Retype the listing below line for line, but only from the line with "The beautifully tailored" down to the line with "The CARRIE Sequin", inclusive. Pictures stay out.

[[ DATA SHOWN, beginning ]]

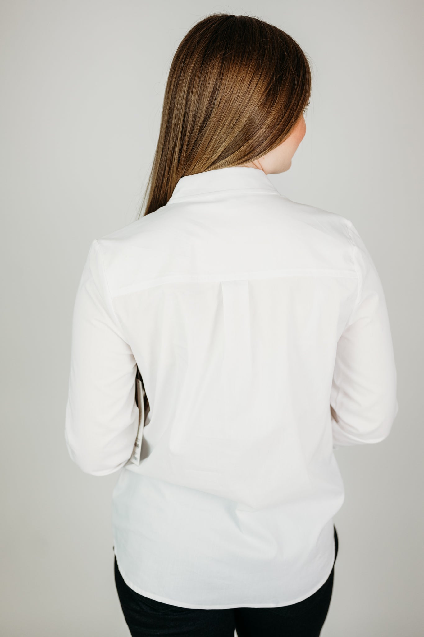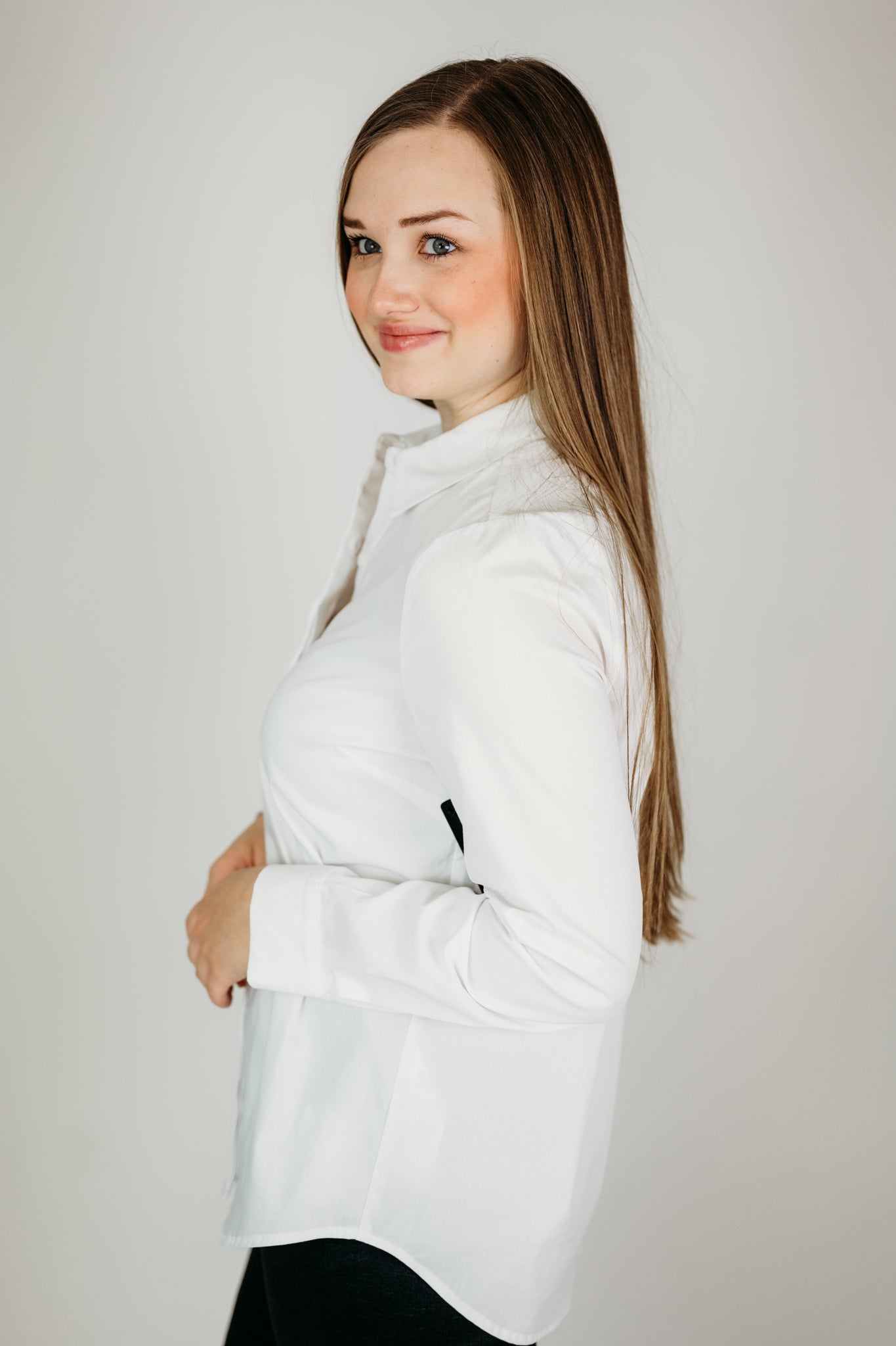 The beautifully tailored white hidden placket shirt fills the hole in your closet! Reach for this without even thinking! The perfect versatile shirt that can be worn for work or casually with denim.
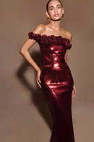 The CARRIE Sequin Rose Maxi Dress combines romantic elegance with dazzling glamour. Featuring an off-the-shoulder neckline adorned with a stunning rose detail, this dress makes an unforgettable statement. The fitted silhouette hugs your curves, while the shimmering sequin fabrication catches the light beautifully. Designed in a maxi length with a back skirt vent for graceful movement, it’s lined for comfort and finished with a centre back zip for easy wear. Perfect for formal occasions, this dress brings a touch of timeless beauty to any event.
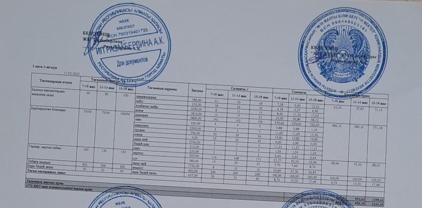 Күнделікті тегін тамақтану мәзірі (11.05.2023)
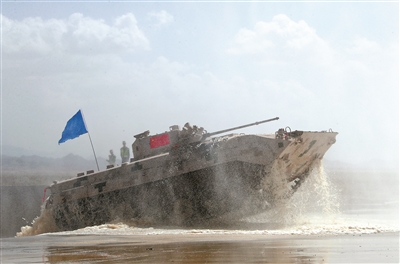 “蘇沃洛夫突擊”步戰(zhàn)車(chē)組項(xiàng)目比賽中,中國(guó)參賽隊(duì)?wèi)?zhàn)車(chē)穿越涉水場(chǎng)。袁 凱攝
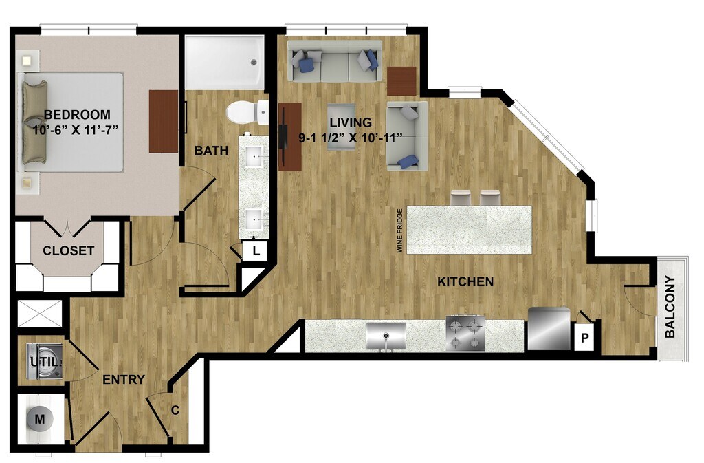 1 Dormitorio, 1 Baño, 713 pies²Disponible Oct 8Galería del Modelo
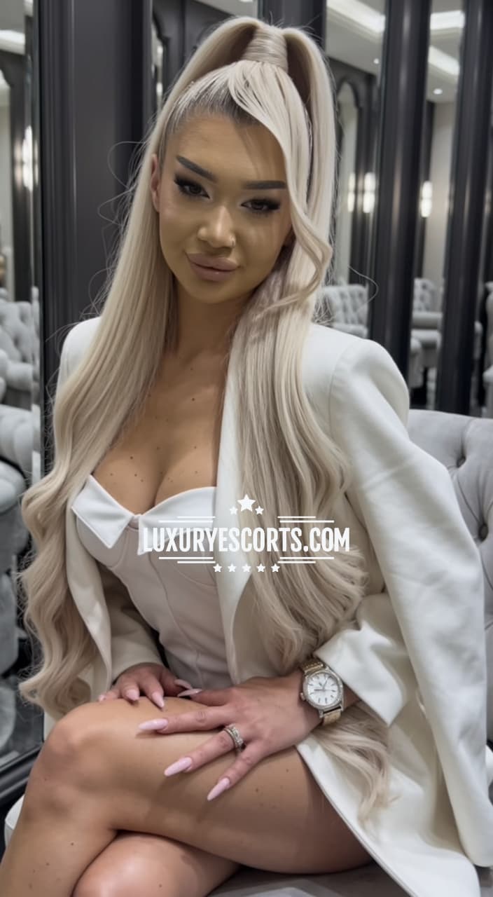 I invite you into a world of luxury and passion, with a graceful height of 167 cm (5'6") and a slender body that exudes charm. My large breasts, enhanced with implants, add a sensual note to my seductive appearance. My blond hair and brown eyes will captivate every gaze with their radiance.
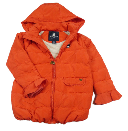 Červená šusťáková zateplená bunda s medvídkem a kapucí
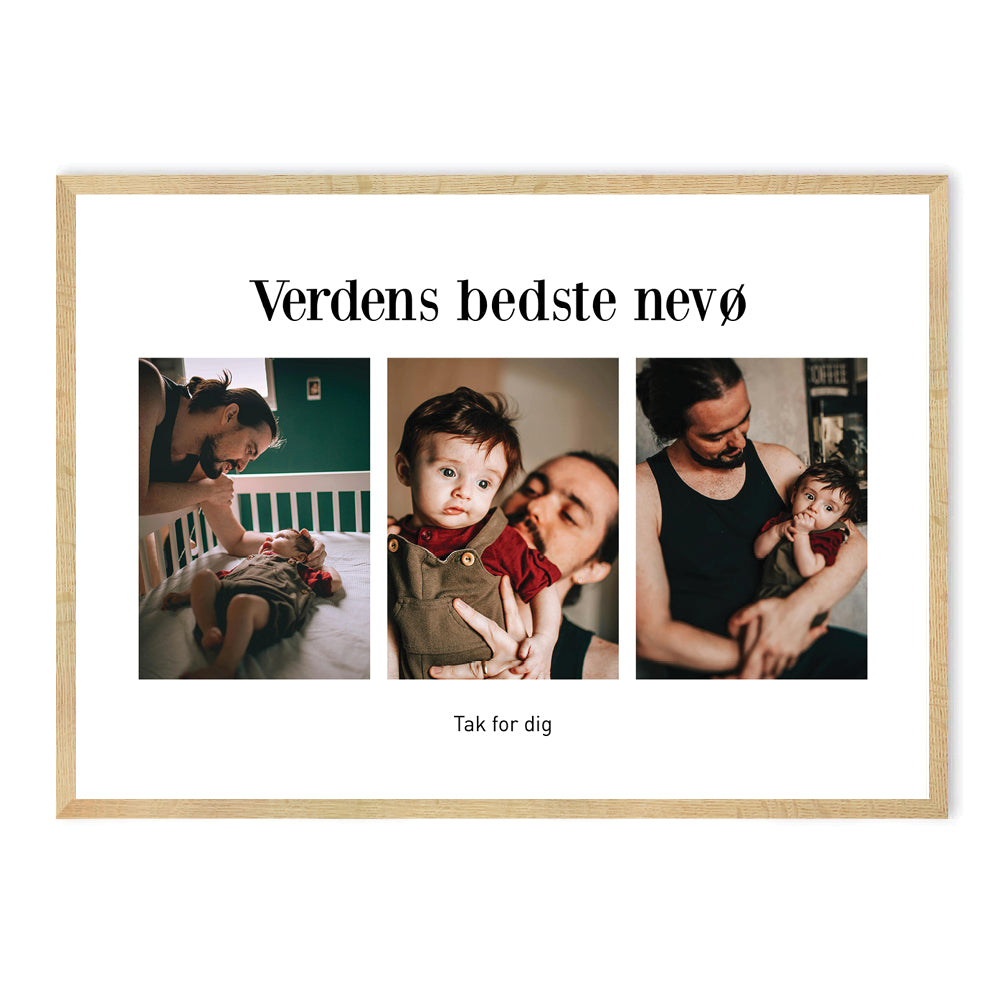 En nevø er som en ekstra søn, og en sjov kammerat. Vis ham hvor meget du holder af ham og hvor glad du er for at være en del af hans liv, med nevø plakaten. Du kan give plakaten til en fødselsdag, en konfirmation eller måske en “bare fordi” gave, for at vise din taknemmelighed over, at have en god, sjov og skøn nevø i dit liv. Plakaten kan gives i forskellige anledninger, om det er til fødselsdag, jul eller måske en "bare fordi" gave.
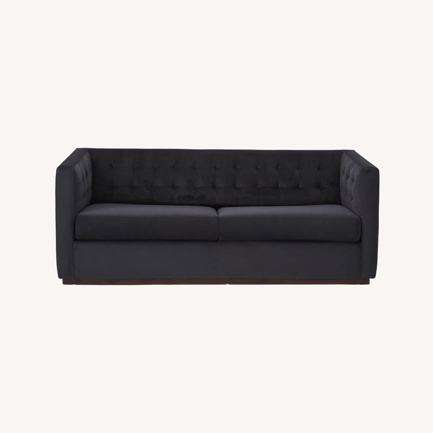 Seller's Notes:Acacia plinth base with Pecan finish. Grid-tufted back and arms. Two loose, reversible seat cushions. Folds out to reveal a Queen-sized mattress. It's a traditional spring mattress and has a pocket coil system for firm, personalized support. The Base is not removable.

[[ DATA SHOWN, end ]]
[[ DATA SHOWN, beginning ]]

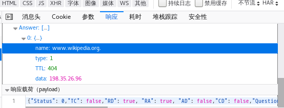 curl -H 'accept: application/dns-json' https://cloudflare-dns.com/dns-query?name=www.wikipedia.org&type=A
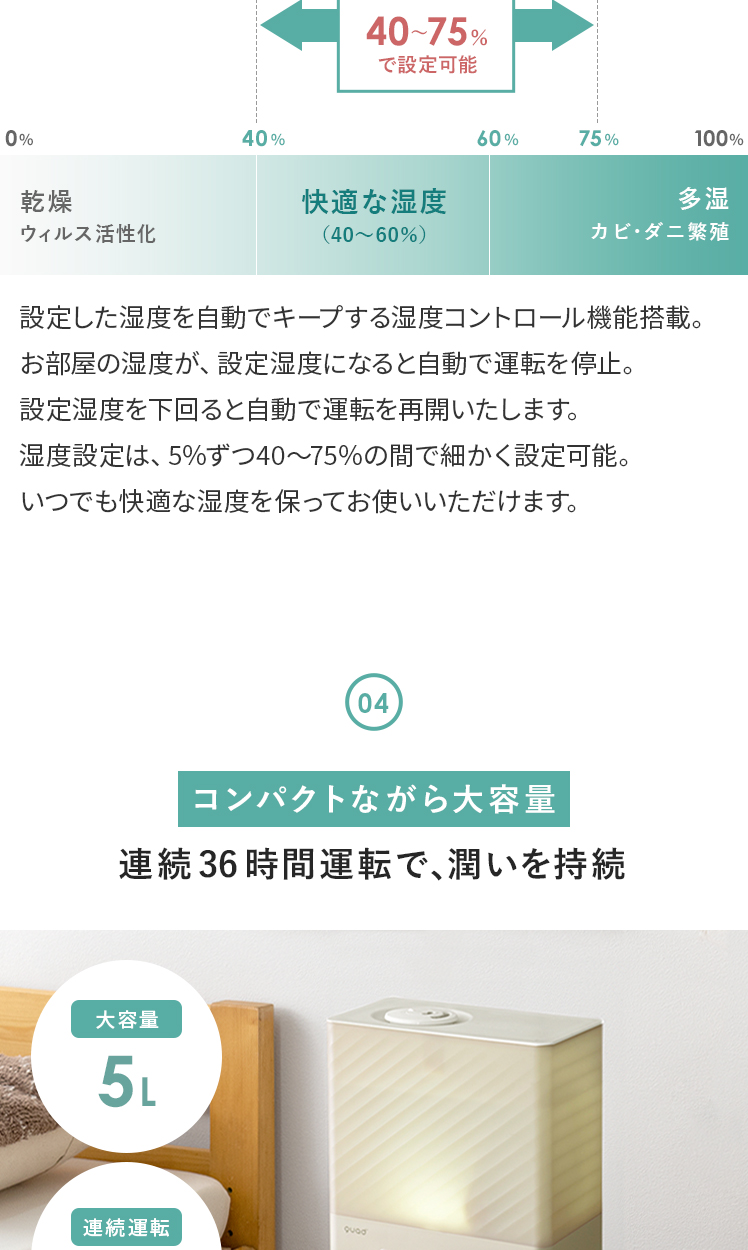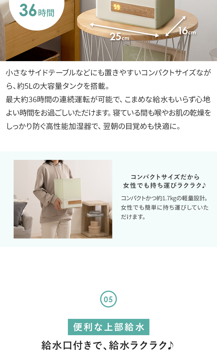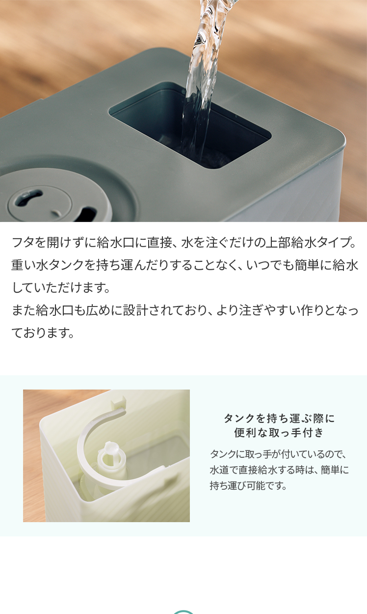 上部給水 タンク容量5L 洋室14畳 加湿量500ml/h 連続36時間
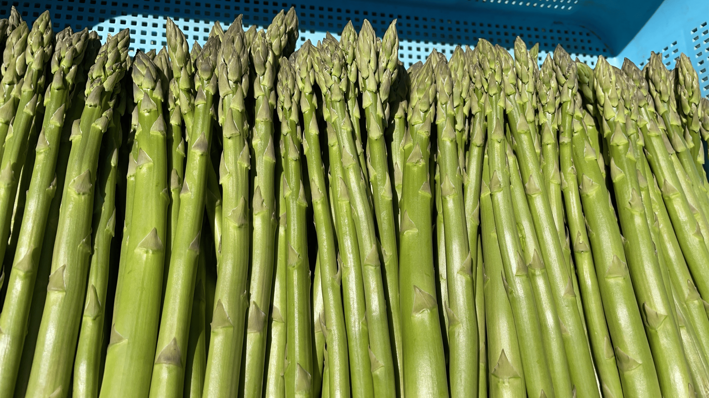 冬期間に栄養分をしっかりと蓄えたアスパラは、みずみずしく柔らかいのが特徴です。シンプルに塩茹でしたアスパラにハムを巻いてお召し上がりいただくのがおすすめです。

[[ DATA SHOWN, end ]]
[[ DATA SHOWN, beginning ]]

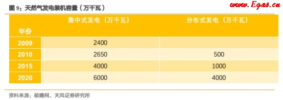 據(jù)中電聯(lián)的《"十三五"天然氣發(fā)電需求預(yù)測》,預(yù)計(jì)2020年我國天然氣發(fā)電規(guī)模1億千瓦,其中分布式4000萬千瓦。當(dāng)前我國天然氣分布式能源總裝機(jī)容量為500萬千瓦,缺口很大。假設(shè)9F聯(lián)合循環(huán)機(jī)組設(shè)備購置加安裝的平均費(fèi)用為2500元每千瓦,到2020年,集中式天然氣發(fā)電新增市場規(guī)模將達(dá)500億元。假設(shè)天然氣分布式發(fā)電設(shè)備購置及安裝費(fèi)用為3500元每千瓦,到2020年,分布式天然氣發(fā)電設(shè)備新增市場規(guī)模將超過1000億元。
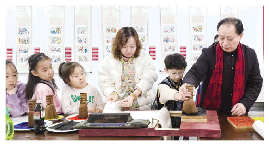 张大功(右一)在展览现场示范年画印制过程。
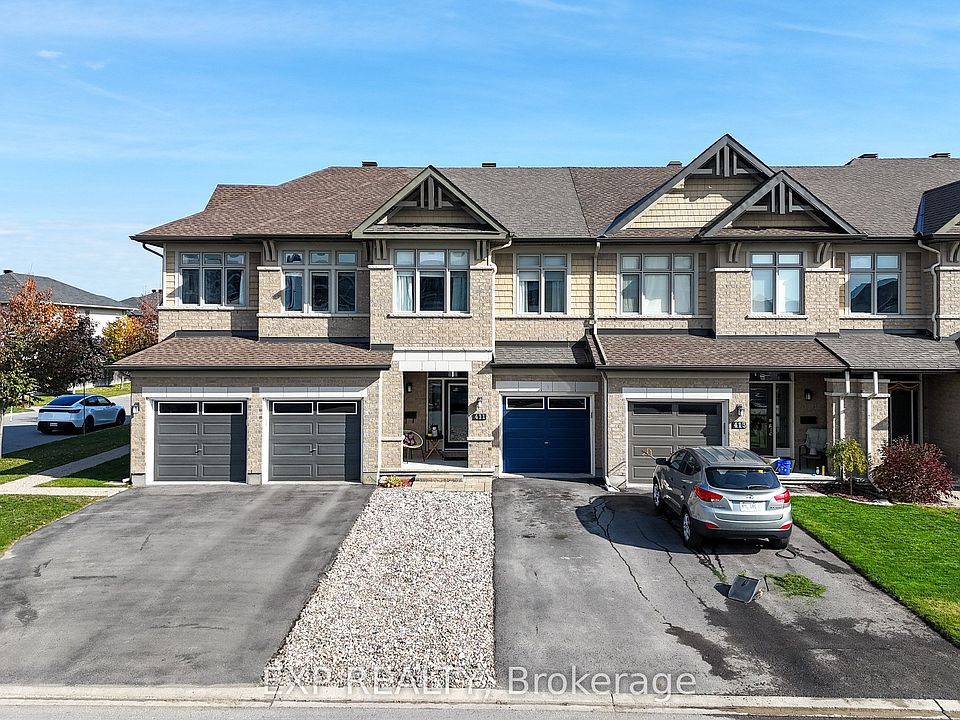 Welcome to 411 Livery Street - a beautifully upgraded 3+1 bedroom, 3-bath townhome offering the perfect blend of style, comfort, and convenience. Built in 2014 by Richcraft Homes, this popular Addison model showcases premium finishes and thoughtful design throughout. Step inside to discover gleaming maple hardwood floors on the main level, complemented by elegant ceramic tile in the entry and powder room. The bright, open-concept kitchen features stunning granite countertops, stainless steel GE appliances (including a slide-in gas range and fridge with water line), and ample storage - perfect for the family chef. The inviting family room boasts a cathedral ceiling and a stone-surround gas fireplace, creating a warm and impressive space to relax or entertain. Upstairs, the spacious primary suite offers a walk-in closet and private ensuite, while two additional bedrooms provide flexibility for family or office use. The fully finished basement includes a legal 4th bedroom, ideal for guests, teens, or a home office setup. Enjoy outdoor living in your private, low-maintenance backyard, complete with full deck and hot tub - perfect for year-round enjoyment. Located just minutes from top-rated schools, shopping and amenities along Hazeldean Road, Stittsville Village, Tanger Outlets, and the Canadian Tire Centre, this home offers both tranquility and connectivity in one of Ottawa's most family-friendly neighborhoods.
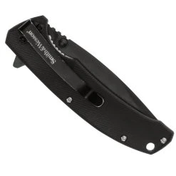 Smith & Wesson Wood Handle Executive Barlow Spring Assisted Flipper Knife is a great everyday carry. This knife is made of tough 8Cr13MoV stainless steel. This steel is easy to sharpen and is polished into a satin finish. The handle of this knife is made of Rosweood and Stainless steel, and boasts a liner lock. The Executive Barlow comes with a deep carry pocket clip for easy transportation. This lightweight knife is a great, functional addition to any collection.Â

[[ DATA SHOWN, end ]]

EXERCISE SOLUTION
 The beautifully tailored white hidden placket shirt fills the hole in your closet! Reach for this without even thinking! The perfect versatile shirt that can be worn for work or casually with denim.
 The CARRIE Sequin Rose Maxi Dress combines romantic elegance with dazzling glamour. Featuring an off-the-shoulder neckline adorned with a stunning rose detail, this dress makes an unforgettable statement. The fitted silhouette hugs your curves, while the shimmering sequin fabrication catches the light beautifully. Designed in a maxi length with a back skirt vent for graceful movement, it’s lined for comfort and finished with a centre back zip for easy wear. Perfect for formal occasions, this dress brings a touch of timeless beauty to any event.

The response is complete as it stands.